Write out only the lines from the top of the listing below through the one with "First, open radio", exactly as they stand, while keeping pictures out of the copy.
Information supplied Start Marker
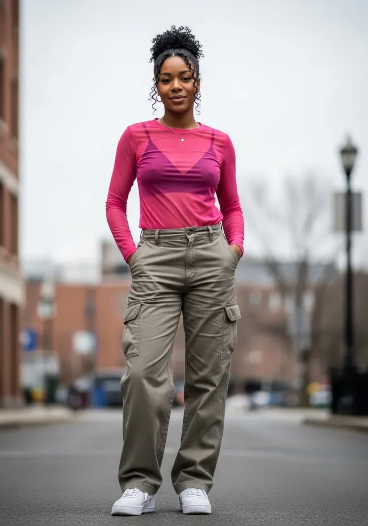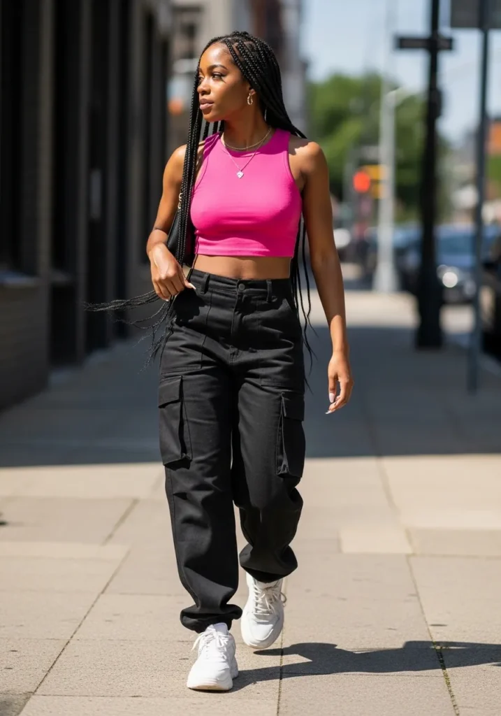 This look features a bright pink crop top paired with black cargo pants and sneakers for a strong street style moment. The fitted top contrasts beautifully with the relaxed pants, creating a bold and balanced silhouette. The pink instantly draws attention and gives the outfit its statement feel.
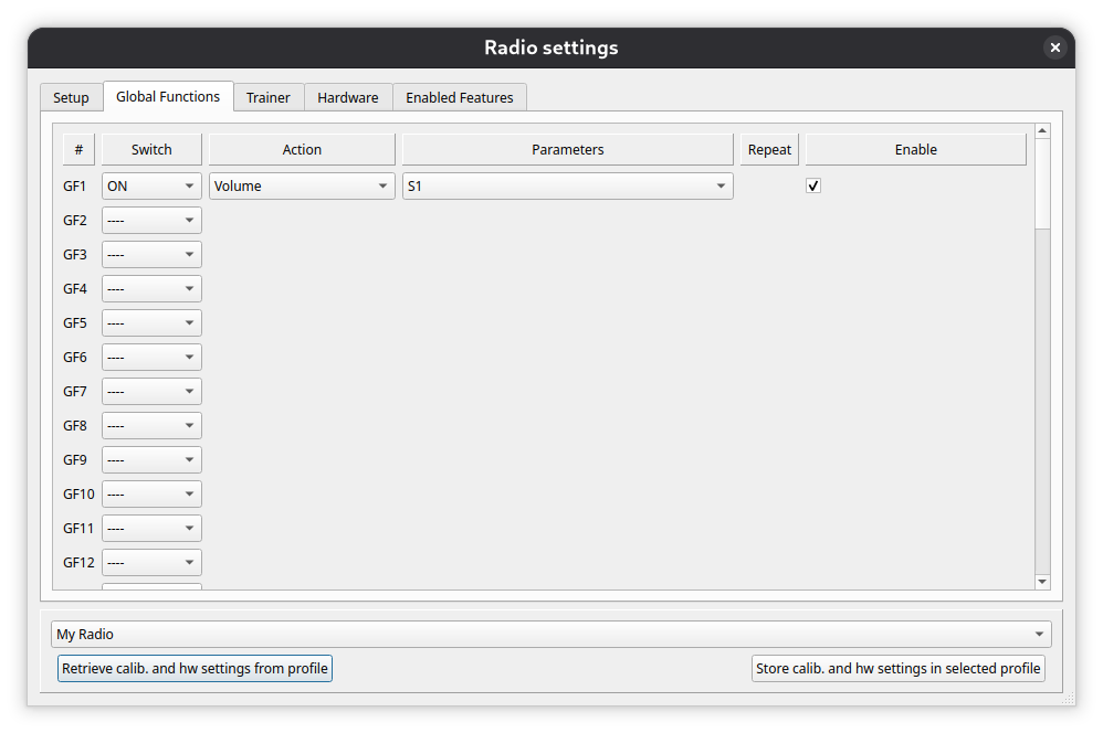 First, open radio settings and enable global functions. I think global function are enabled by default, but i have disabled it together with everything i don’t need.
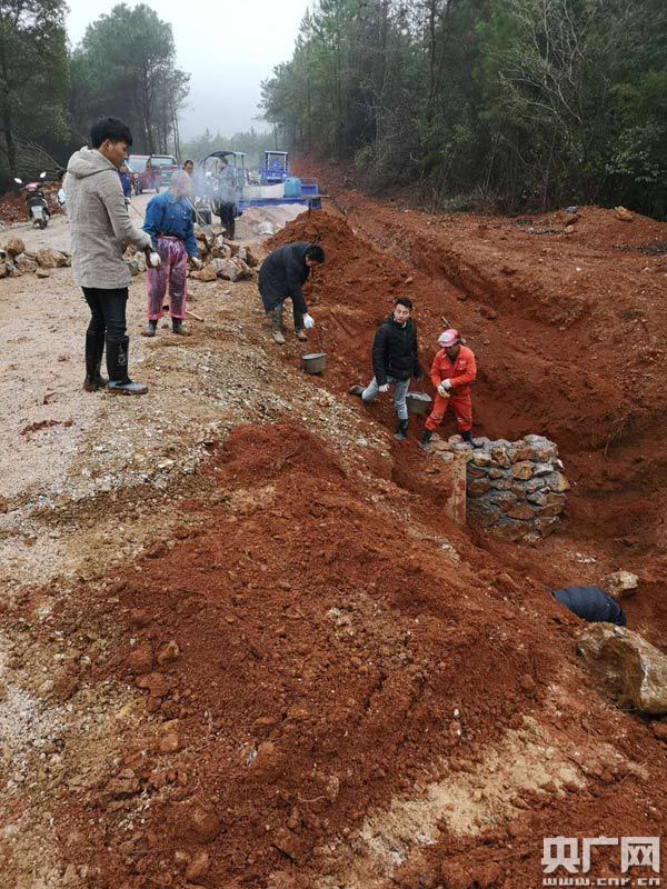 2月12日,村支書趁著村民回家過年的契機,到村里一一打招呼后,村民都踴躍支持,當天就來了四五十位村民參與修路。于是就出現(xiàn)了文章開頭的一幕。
Information supplied End Marker
* Output
 This look features a bright pink crop top paired with black cargo pants and sneakers for a strong street style moment. The fitted top contrasts beautifully with the relaxed pants, creating a bold and balanced silhouette. The pink instantly draws attention and gives the outfit its statement feel.
 First, open radio settings and enable global functions. I think global function are enabled by default, but i have disabled it together with everything i don’t need.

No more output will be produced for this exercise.